▶ _Your instructions_:
Please set down only the lines below starting with the line with "Topper Pic (160x100mm)" and going on through the line with "福利品-瑕疵 :包裝盒兩側微破損,部分拼圖印刷微沾色、破損,請參考實拍圖 (瑕疵品售出,恕不退換貨,不介意者再購買)", verbatim and without pictures.

▶ _Input material_:
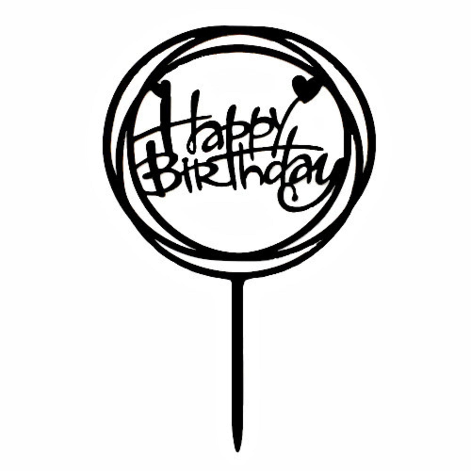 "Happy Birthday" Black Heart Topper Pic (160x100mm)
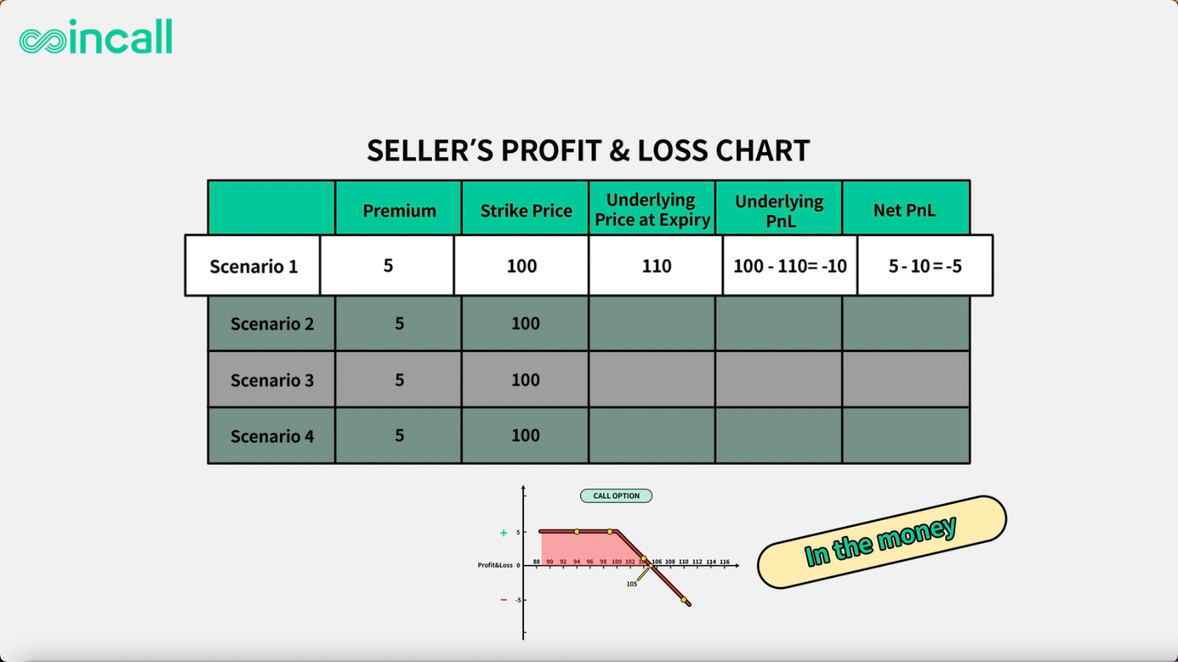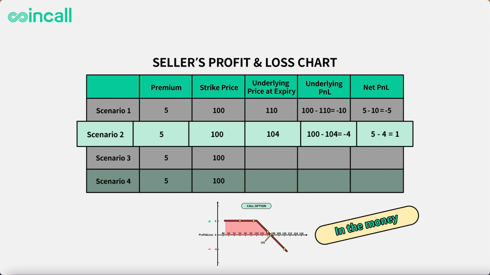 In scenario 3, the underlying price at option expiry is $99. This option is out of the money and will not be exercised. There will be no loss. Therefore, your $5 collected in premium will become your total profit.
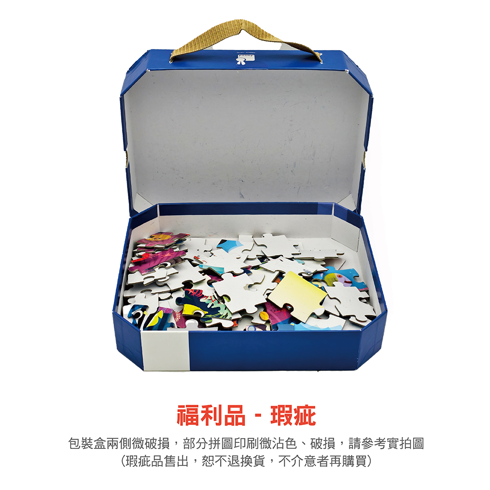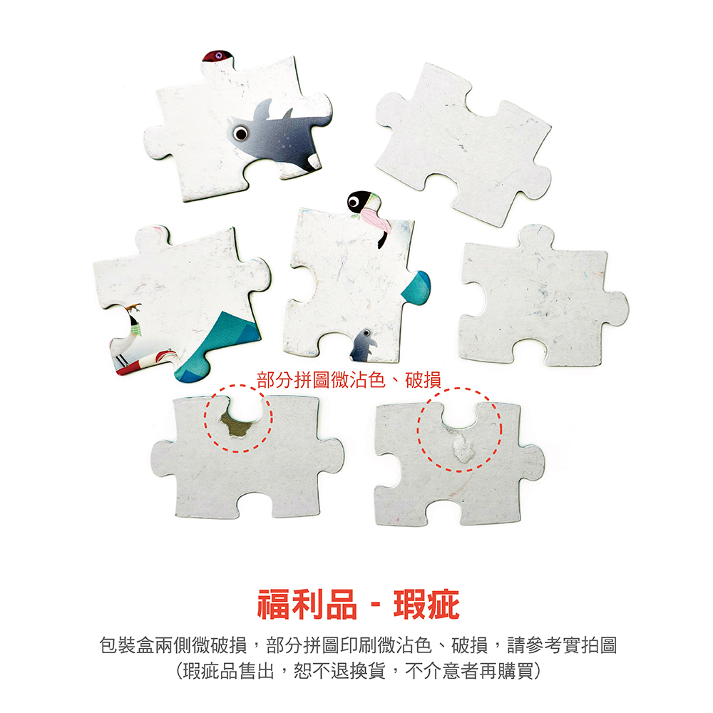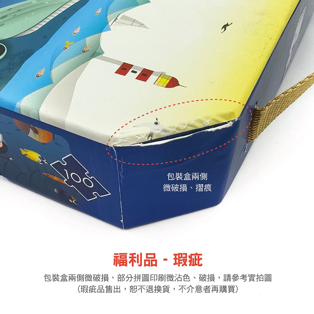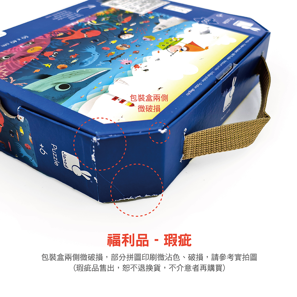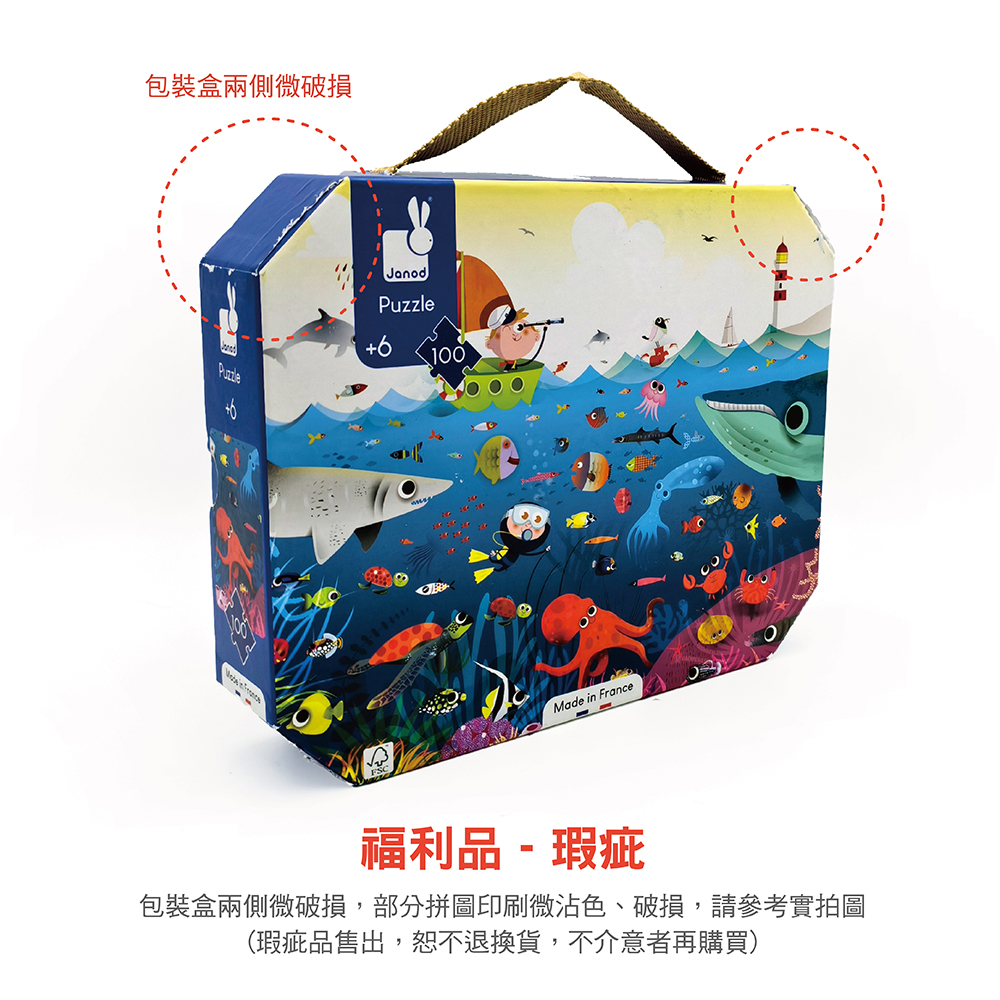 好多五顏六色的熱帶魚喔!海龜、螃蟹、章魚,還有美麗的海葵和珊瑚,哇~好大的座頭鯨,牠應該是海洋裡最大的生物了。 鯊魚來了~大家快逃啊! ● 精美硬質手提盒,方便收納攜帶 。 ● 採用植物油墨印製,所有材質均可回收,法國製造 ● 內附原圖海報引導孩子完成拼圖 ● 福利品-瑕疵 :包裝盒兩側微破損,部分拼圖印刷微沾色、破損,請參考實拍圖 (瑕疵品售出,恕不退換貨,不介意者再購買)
---
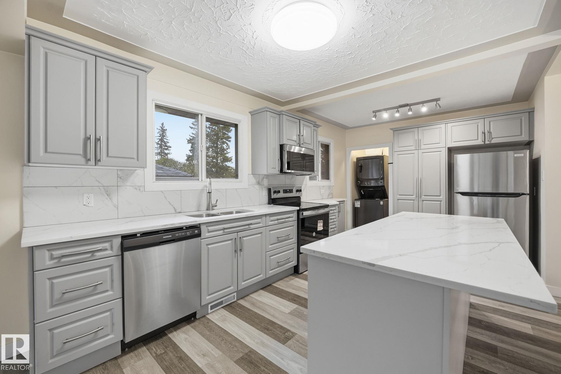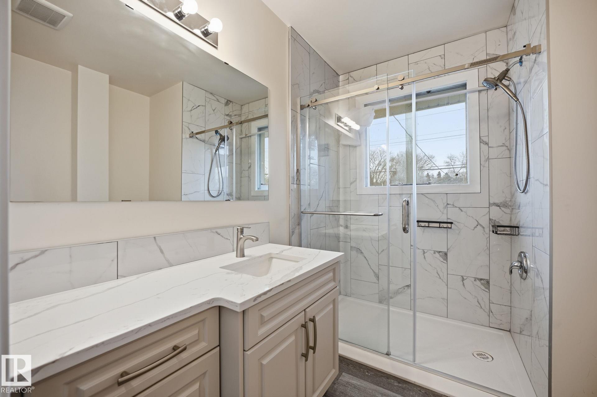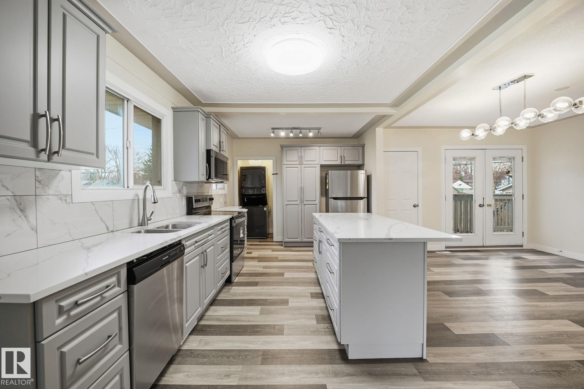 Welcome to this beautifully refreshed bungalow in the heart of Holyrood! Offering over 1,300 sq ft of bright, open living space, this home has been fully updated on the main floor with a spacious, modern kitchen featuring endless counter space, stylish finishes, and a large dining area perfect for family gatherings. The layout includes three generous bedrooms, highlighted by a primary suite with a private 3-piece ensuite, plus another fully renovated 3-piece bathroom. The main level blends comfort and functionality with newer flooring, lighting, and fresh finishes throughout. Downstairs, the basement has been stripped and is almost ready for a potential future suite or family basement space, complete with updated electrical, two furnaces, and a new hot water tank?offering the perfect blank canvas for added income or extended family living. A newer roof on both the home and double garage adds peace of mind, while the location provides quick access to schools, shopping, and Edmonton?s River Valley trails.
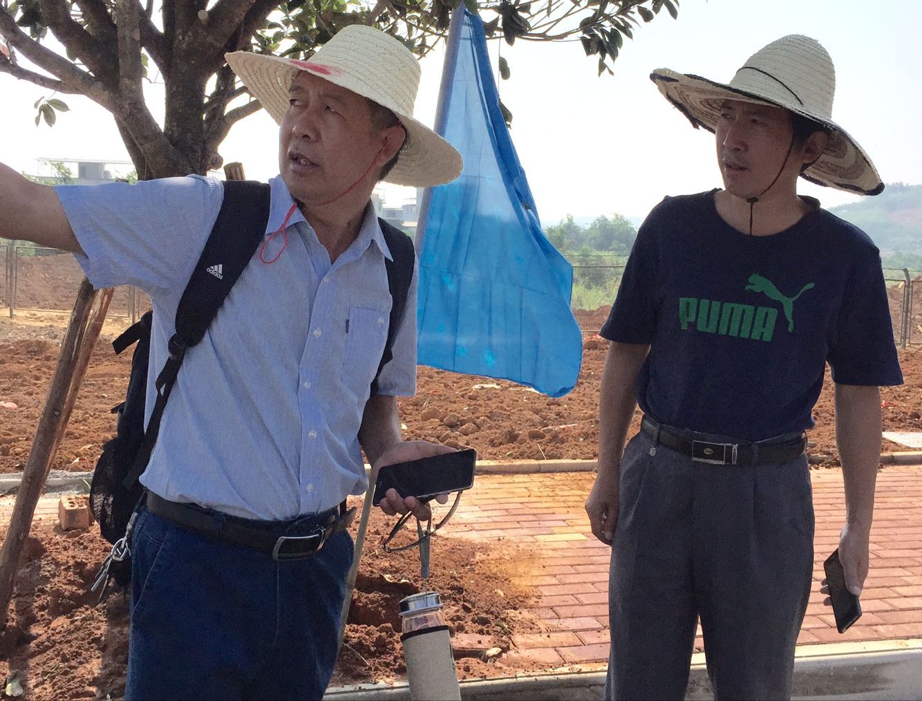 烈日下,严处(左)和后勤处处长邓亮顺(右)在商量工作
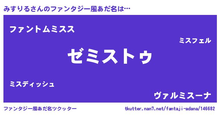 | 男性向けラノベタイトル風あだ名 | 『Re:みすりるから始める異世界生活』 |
--
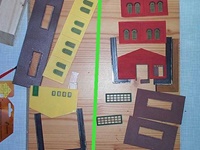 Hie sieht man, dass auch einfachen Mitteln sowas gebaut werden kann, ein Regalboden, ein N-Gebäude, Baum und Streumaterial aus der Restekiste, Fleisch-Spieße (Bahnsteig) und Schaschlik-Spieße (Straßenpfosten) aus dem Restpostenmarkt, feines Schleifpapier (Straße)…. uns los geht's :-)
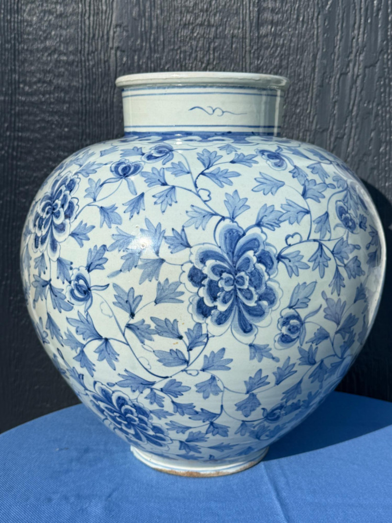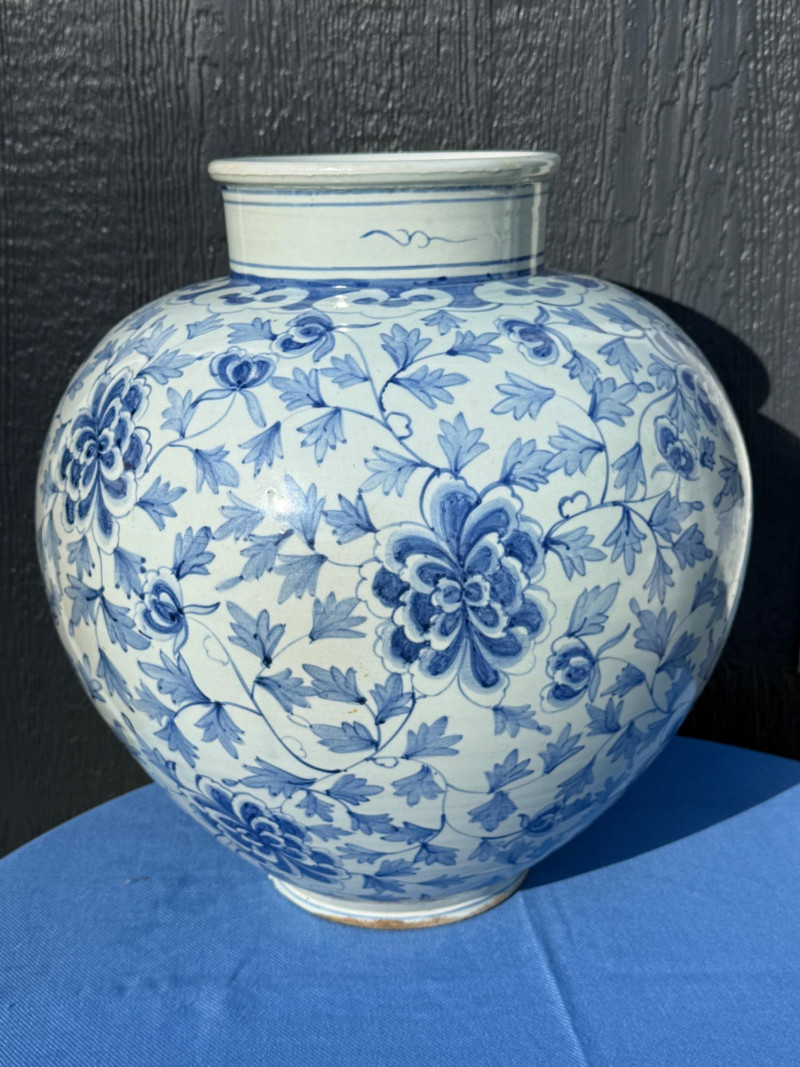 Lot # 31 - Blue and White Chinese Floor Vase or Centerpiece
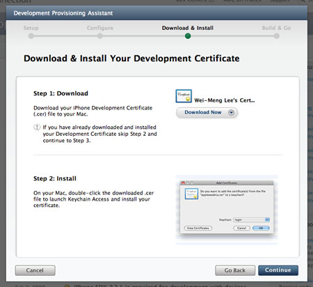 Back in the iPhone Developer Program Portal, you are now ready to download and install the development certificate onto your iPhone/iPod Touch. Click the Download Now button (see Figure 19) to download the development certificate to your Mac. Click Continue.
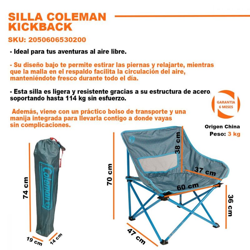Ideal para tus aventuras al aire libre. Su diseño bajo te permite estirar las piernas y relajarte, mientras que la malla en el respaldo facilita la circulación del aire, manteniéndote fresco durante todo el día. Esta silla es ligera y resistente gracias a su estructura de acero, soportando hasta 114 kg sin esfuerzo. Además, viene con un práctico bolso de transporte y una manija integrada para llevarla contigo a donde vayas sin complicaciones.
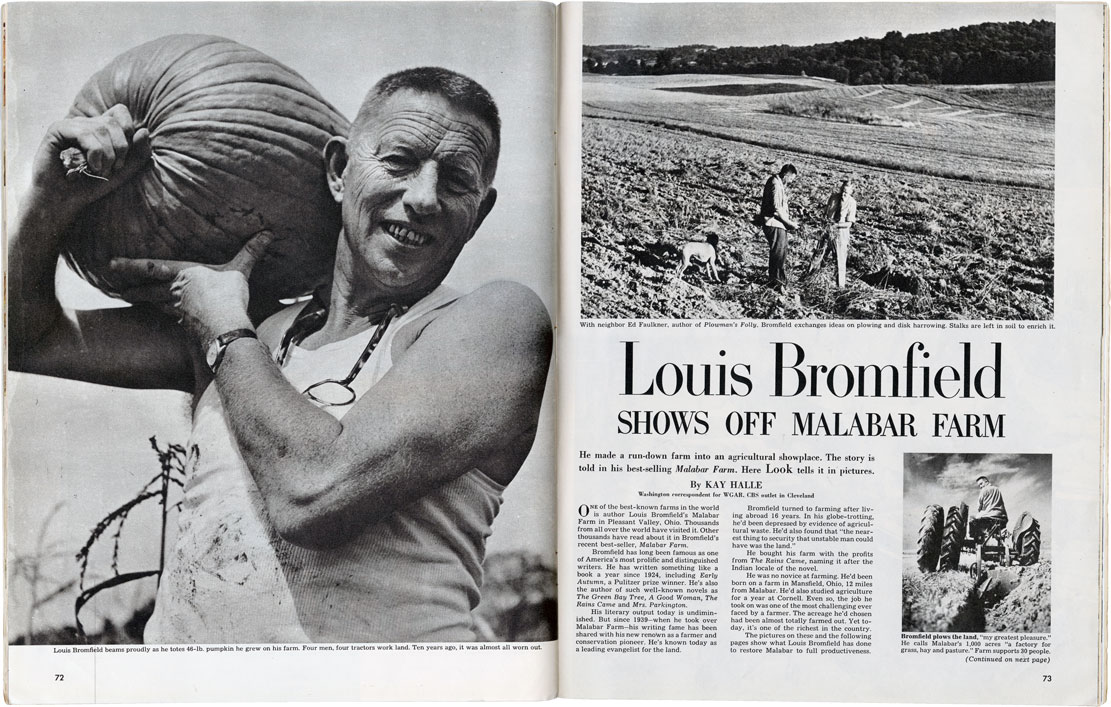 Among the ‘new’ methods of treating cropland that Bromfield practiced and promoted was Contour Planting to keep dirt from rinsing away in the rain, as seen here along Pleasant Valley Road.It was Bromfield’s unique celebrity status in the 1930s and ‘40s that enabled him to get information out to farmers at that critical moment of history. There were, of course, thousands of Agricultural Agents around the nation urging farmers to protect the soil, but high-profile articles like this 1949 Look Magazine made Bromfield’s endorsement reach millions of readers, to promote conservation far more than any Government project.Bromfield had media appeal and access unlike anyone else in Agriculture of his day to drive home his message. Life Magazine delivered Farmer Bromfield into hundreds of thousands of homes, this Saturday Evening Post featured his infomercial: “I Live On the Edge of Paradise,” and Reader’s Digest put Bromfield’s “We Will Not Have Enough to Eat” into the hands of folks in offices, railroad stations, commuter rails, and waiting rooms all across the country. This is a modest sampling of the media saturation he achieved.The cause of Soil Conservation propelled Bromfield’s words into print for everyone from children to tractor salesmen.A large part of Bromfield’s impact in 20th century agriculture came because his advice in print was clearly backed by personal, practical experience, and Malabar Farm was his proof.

▶ _Response_:
 "Happy Birthday" Black Heart Topper Pic (160x100mm)
 In scenario 3, the underlying price at option expiry is $99. This option is out of the money and will not be exercised. There will be no loss. Therefore, your $5 collected in premium will become your total profit.
 好多五顏六色的熱帶魚喔!海龜、螃蟹、章魚,還有美麗的海葵和珊瑚,哇~好大的座頭鯨,牠應該是海洋裡最大的生物了。 鯊魚來了~大家快逃啊! ● 精美硬質手提盒,方便收納攜帶 。 ● 採用植物油墨印製,所有材質均可回收,法國製造 ● 內附原圖海報引導孩子完成拼圖 ● 福利品-瑕疵 :包裝盒兩側微破損,部分拼圖印刷微沾色、破損,請參考實拍圖 (瑕疵品售出,恕不退換貨,不介意者再購買)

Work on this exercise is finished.